- Home
- J. C. Sullivan
Shark and Octopus Page 17
Shark and Octopus Read online
Page 17
“You expecting anyone?” Griffin asked Annie.
Annie said she wasn’t.
“Anyone expecting anyone?”
No one said yes.
“It’s too late for the Fed Ex guy,” Griffin said. “I’ll go see who it is.”
He walked to the front door, figuring he’d open it on a couple of Jehovah’s Witnesses or a neighbor.

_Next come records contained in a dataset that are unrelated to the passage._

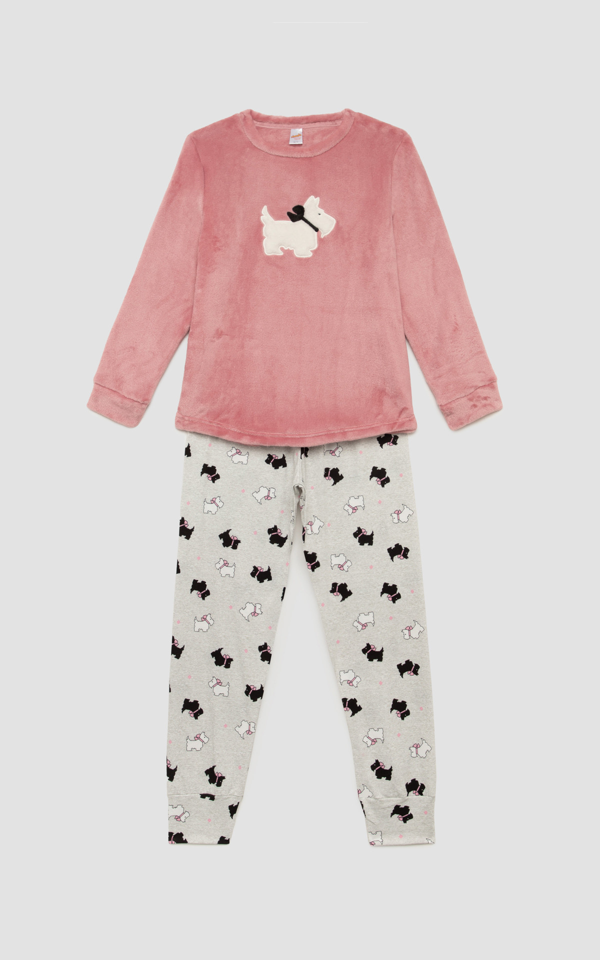 Παιδική χειμερινή πυζάμα, με συνδυασμό μπλούζας από 100% fleece με έξτρα κέντημα στο στήθος και παντελόνι 100% βαμβάκι, με μπάσκες στα τελειώματα.
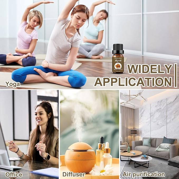 - Pure Myrrh Oil: Myrrh essential oil is extracted by steam distillation from the resin flowing from the branches of the shrubs. It has the unique strong smoke and bitterness of the gum, a dry and aromatic blend, and the smell is like musk, which makes you feel warm and pleasant.
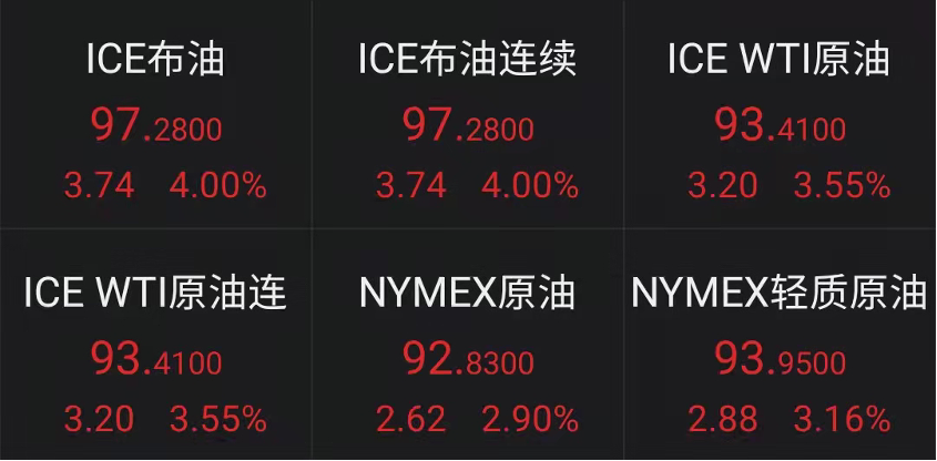 股市受挫的同时,国际油价集体走高,布油、WTI原油均上涨3%以上,尾盘布伦特原油期货一度破97美元/桶,创下近七年历史新高,NYMEX原油上涨2.9%。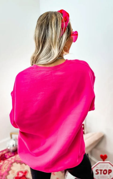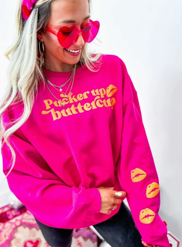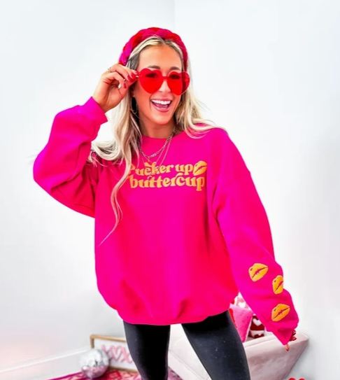 Add a pop of personality to your wardrobe with this playful Pucker Up Buttercup graphic crewneck. Designed in a vibrant heliconia pink hue, this cozy sweatshirt brings fun, color, and comfort together in one standout piece. The bold, cheeky graphic adds a flirty touch, while the classic crew neckline and relaxed fit make it perfect for everyday wear.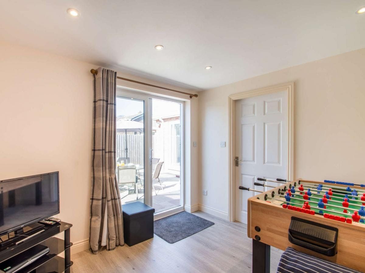 Ideal for families, it features an open-plan layout, a sun trap garden, and a games room for the young at heart! Home-from-home style seamlessly blends with modern convenience in this delightful holiday home. The inviting hallway welcomes you to store sandy shoes and coats before entering into the open-plan lounge/kitchen/diner.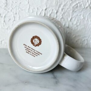 Classic Winnie the Pooh mug by the Walt Disney Company. Winnie the Pooh has his head in the Hunny pot saying You see, what I ment to do... with Piglet and Eeyore looking on. Coffee cup measures 3-1/4" across the top and is 3-1/2" high. Excellent condition with small manufacturing blemish shown in close up picture.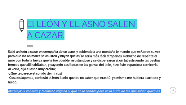 Salió un león a cazar en compañía de un asno, y subiendo a una montaña le mandó que esfuerce su voz para que los animales se asusten y huyan que así le sería más fácil atraparlos. Rebuzno de repente el asno con toda la fuerza que le fue posible; asustándose y se dispersaron al oír tal estruendo las bestias feroces que allí habitaban, y cayendo casi todas en las garras del león, hizo éste espantosa carnicería. Al verla, dijo el asno muy creído; -¿Qué te parece el sonido de mi voz? -Cosa estupenda, contestó el león: tanto que de no saber que eras tú, yo mismo me hubiera asustado y huido. Moraleja; El cobarde y fanfarrón engaña al que no le conoce,pero es la burla de los que saben quién es.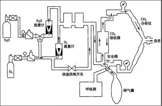 其主要有供氣裝置、蒸發(fā)器、呼吸回路、二氧化碳吸收裝置、麻醉呼吸機、麻醉廢氣清除系統(tǒng)等組成。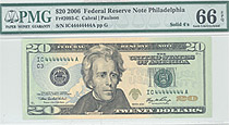 Fr.-2093C 2006 $20 Philadelphia Ser. # IC44444444A PMG-66EPQ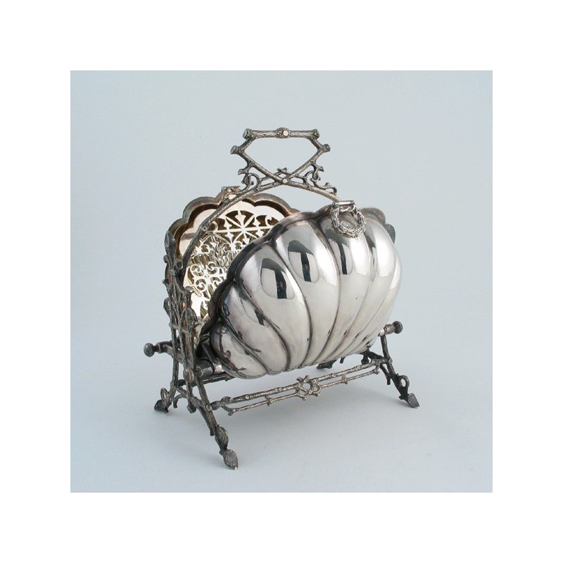 A Victorian plated 'Staniforth Patent', biscuit box, in the form of a double opening shell on a rustic frame, with decorative internal grilles, initialled, 9.75in (25cm) high.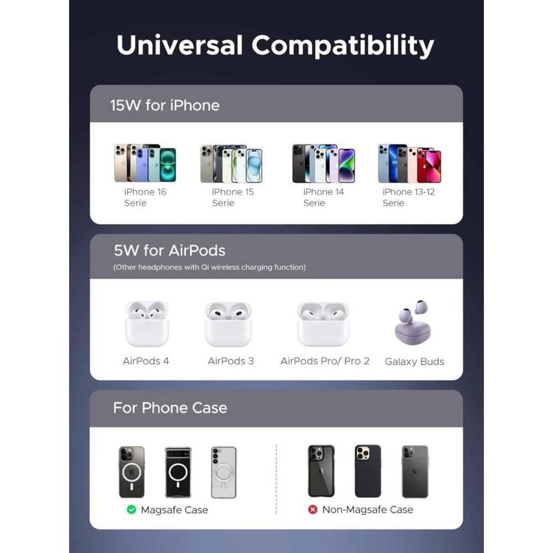 Soporte de carga magnético Ugreen 2 en 1 de 15W Qi2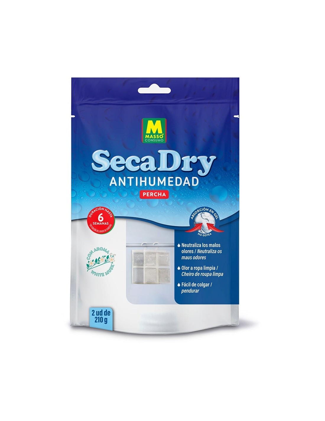 Percha antihumedad en gel secadry, 120 g, 2 uds. regula el exceso de humedad en el ambiente absorbiéndolo en forma de gel, evitando goteos. neutraliza los malos olores con su aroma white musk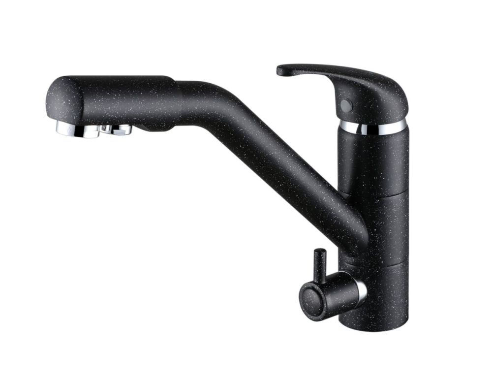 предусматривает поступление фильтрованной воды, которая не смешивается с водопроводной. Питьевая вода подается через отдельные трубку и аэратор, а для регулирования питьевой воды предусмотрена отдельная ручка.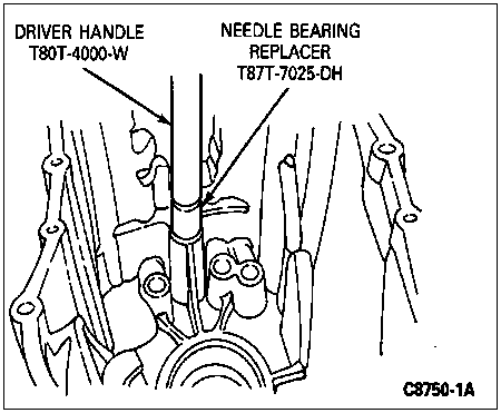 Heat the case in the area of the bearing bore of 5th-reverse shift rail to 160°C (320°F) with Rotunda Heat Gun 107-R0300 or equivalent. Drive the bearing sleeve in with Needle Bearing Replacer T87T-7025-DH and Driver Handle T80T-4000-W until it is flush with the surface of the bore.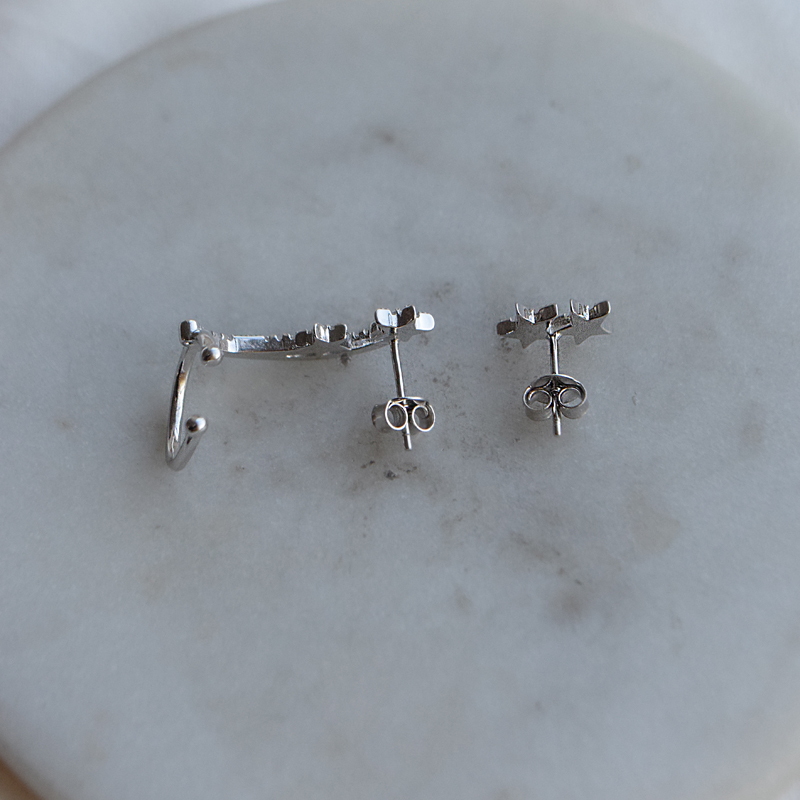 "Celeste" asymmetriske ørestikker og earcuff i sølv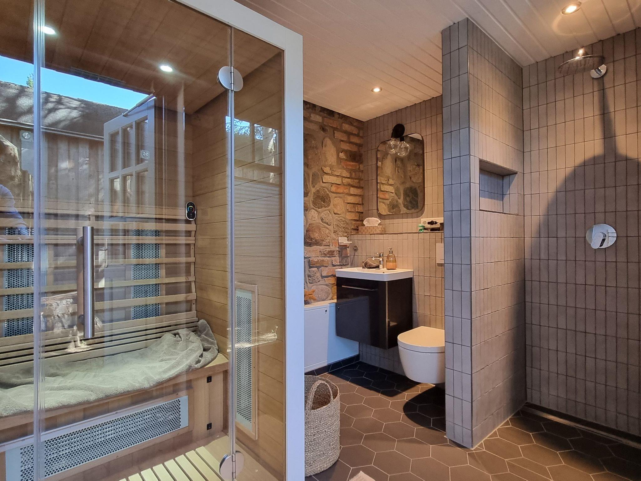 • Das Badezimmer verfügt über eine Dusche, eine Badewanne, ein Waschbecken, ein WC und einen Handtuchtrockenheizkörper

On the porch stood a very attractive woman in her mid-to-late twenties, wearing pale blue medical scrubs. She had the dark skin of an Asian Indian, but by her confident manner Griffin could tell she’d been raised in this country. There was absolutely nothing submissive about her. He had never seen her before.
“Can I help you?” he asked.
“Have I got the right place?” She glanced at a piece of paper in her hand. “Dr. Venkatesan’s handwriting isn’t the best.”
“If you said Venkatesan, then you’re in the right place,” Griffin answered. “You here to meet Saif?”
She nodded, embarrassed.
“Did his father send you or his mother?”
“He did. He’s one of the docs I work with.”
“You’re at GBMC then.”
“For my residency. Dr. Venkatesan gave me this address, but I think his wife put him up to it. I met her once. She was definitely checking me out.”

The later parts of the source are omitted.